An LLM is an AI model built by training a massive amount of text data. Unlike any conventional language processing technology, an LLM can precisely understand text and answer questions. The LLM is based on the technology of deep learning, which has been studied for the last 15 years or so.
Various analyses are possible with deep learning by training AI with data. An example of this is image recognition technology, including NEC’s specialty, face recognition. However, deep learning up to 2018 had an issue: people had to annotate information to image data, such as labeling an image of a dog as “dog” and that of a bird as “bird,” before training the data for the AI. The dependence on human efforts has been inevitably the bottleneck for improving the accuracy of AI.
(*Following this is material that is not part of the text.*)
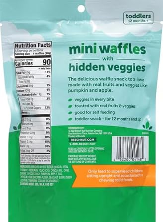 Beech-Nut Mini Waffles With Hidden Veggies Are A Delicious Toddler Snack With Real Fruits And Veggies Like Pumpkin And Apple. With 3G Of Sugar Per Serving And Veggies In Every Bite, They'Re A Great Alternative To Other Sugary Treats. With A Mini Size That'S Great For Self-Feeding, Our Toasted Biscuits Are The Perfect Snack For Toddlers At Home Or On The Go. Each Bag Contains 18 Mini Waffle Crisps. As A Stage 4 Snack, Mini Waffles Are Ideal For Children 12+ Months. This Product Should Only Be Fed To Seated, Supervised Children Who Are Accustomed To Chewing Solid Foods

In response to this problem, a technology called “Self-Supervised Learning” emerged in 2018. With this technology, even without people adding information to data, the AI self-learns what the image represents and what topics are covered in the text. This enabled the AI to become wiser as long as you provide a server with excellent computing performance and high-volume data.
As a result, Google developed the AI model “Transformer,” which is the foundation of LLM. A year later, OpenAI developed the Generative Pretrained Transformer (GPT*) based on Transformer. These are the technologies that lead to today’s ChatGPT. Back then, the capabilities of GPT were limited to generating the remainder of a text, provided that you supplied the initial part of the writing. Now, after drastic evolution, it can respond to complex requests such as creating a summary of the writing or “interesting lyrics on the topic of NEC,” making a sensation, which you may already know.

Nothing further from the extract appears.